Please repeat every record below exactly as written, but leave out the pictures.

> **RECORDS FOR THE TASK**
________________________________________

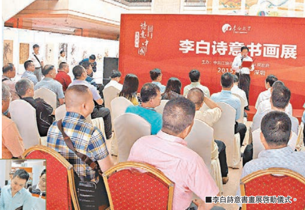
■李白詩意書畫展啓動儀式。

「李白不僅是中國的偉大詩人，也是一位世界文化名人。」郭興隆介紹，作為李白故里，一方面，竭力保護、傳承李白文化，另一方面，加大力度讓李白文化「走出去」。
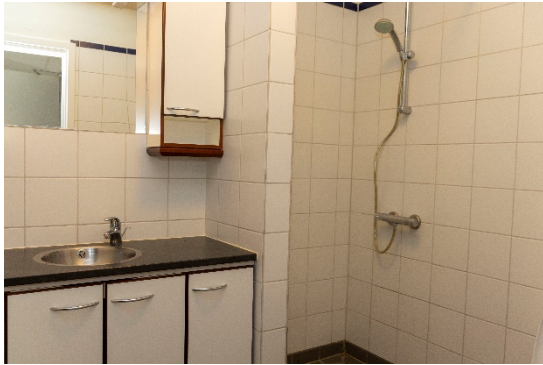
Toilet/badeværelse i de 6 lejemål
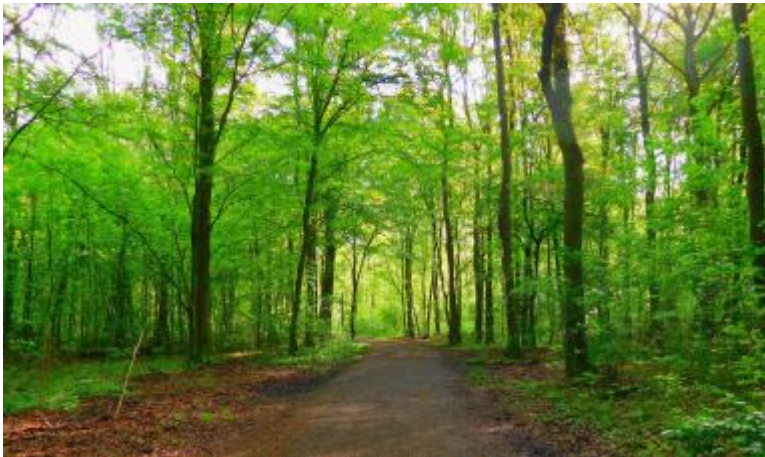
Im Eller Forst
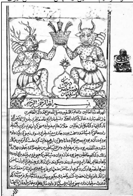
تصویر ۱: صفحه شروع کتاب در بیان قصه حضرت سلیمان، ۱۲۶۶ق

ماوراءالطبیعه گزینش شده‌اند. زیرا هدف آن است تا با بررسی لایه‌های معنایی و ارزش‌های نمادین مستتر در وجود بصری هر یک از این موجودات به مثابه نشانه‌هایی در کل ساختار نگاره‌های کتاب مذکور، نحوه ترسیم، تحلیل و سپس منشأ شکل‌گیری‌شان تبیین شود.
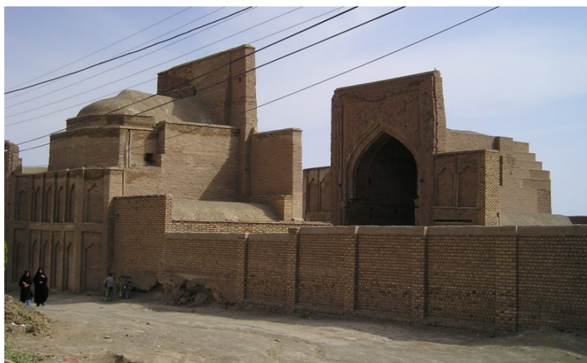
نمای عمومی مسجد جامع فریومد.

مسجد فریومد دارای بخش‌های مختلفی همچون: ایوان جنوبی یا اصلی، ایوان شمالی، رواق‌های شرقی و غربی، مدخل ورودی (ایوان ورودی) فضاهای پیرامون ایوان‌ها، که این فضاها به صورت قرینه در طرفین ایوان‌ها ایجاد شده است. بر اساس شواهد و وضعیت موجود بنای مسجد، در دوره‌های مختلف تغییر و تحولات مهمی در آن بوجود آمده است. این بنا به دلیل داشتن آرایه‌های گونه‌گون و گسترده به عنوان گنجینه‌ای از تزئینات و عناصر معماری اسلامی محسوب می‌شود و با دارا بودن ویژگی‌های معماری «سبک خراسانی» (پیرنیا، ۱۳۷۹: ۱۰)، و کتیبه نگاری از دیدگاه مطالعات باستان‌شناختی دوره اسلامی حائز اهمیت است.
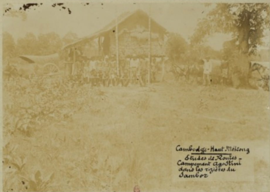
Cambodge-Haut-Mékong Etudes de Roules - Campement Agostini dans les rizières du Sambor
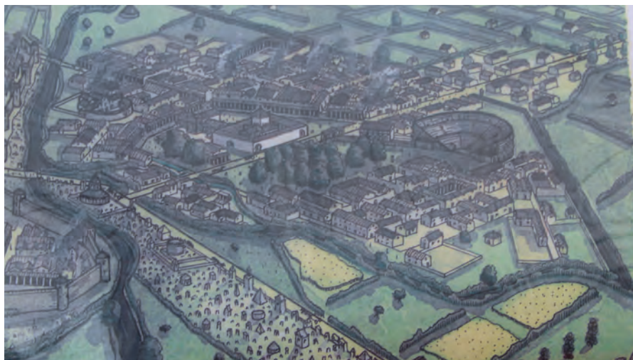
Sah so das Viertel Genetoye in augusteischer Zeit aus? Im Mittelpunkt befindet sich der gallo-römische Umgangstempel, rechts daneben ein Theater. Detail aus einem Blatt, das die Führerin mitgebracht hatte.

worden zu sein, dessen Überreste heute noch zu sehen sind. Weitere Gebäude standen in nächster Nähe. Diese Tempelanlage wurde etwa 250 Jahre besucht. Man liest von einem sogenannten Janustempel, aber mit dem römischen Gott hat der Tempel gar nichts zu tun, er ist aus der Bezeichnung temple de Genetoye entstanden. Mächtig sind auch noch die Ruinen, allein die noch erhaltene Höhe der steinernen Cella, die den hölzernen Vorgänger der Kelten abgelöst hat, bemisst sich auf 24 Meter bei 2,2 m Dicke, die Seitenlänge des fast quadratischen Turms beträgt etwas über

________________________________________

> **WRITTEN SOLUTION**
■李白詩意書畫展啓動儀式。

「李白不僅是中國的偉大詩人，也是一位世界文化名人。」郭興隆介紹，作為李白故里，一方面，竭力保護、傳承李白文化，另一方面，加大力度讓李白文化「走出去」。
Toilet/badeværelse i de 6 lejemål
Im Eller Forst
تصویر ۱: صفحه شروع کتاب در بیان قصه حضرت سلیمان، ۱۲۶۶ق

ماوراءالطبیعه گزینش شده‌اند. زیرا هدف آن است تا با بررسی لایه‌های معنایی و ارزش‌های نمادین مستتر در وجود بصری هر یک از این موجودات به مثابه نشانه‌هایی در کل ساختار نگاره‌های کتاب مذکور، نحوه ترسیم، تحلیل و سپس منشأ شکل‌گیری‌شان تبیین شود.
نمای عمومی مسجد جامع فریومد.

مسجد فریومد دارای بخش‌های مختلفی همچون: ایوان جنوبی یا اصلی، ایوان شمالی، رواق‌های شرقی و غربی، مدخل ورودی (ایوان ورودی) فضاهای پیرامون ایوان‌ها، که این فضاها به صورت قرینه در طرفین ایوان‌ها ایجاد شده است. بر اساس شواهد و وضعیت موجود بنای مسجد، در دوره‌های مختلف تغییر و تحولات مهمی در آن بوجود آمده است. این بنا به دلیل داشتن آرایه‌های گونه‌گون و گسترده به عنوان گنجینه‌ای از تزئینات و عناصر معماری اسلامی محسوب می‌شود و با دارا بودن ویژگی‌های معماری «سبک خراسانی» (پیرنیا، ۱۳۷۹: ۱۰)، و کتیبه نگاری از دیدگاه مطالعات باستان‌شناختی دوره اسلامی حائز اهمیت است.
Cambodge-Haut-Mékong Etudes de Roules - Campement Agostini dans les rizières du Sambor
Sah so das Viertel Genetoye in augusteischer Zeit aus? Im Mittelpunkt befindet sich der gallo-römische Umgangstempel, rechts daneben ein Theater. Detail aus einem Blatt, das die Führerin mitgebracht hatte.

worden zu sein, dessen Überreste heute noch zu sehen sind. Weitere Gebäude standen in nächster Nähe. Diese Tempelanlage wurde etwa 250 Jahre besucht. Man liest von einem sogenannten Janustempel, aber mit dem römischen Gott hat der Tempel gar nichts zu tun, er ist aus der Bezeichnung temple de Genetoye entstanden. Mächtig sind auch noch die Ruinen, allein die noch erhaltene Höhe der steinernen Cella, die den hölzernen Vorgänger der Kelten abgelöst hat, bemisst sich auf 24 Meter bei 2,2 m Dicke, die Seitenlänge des fast quadratischen Turms beträgt etwas über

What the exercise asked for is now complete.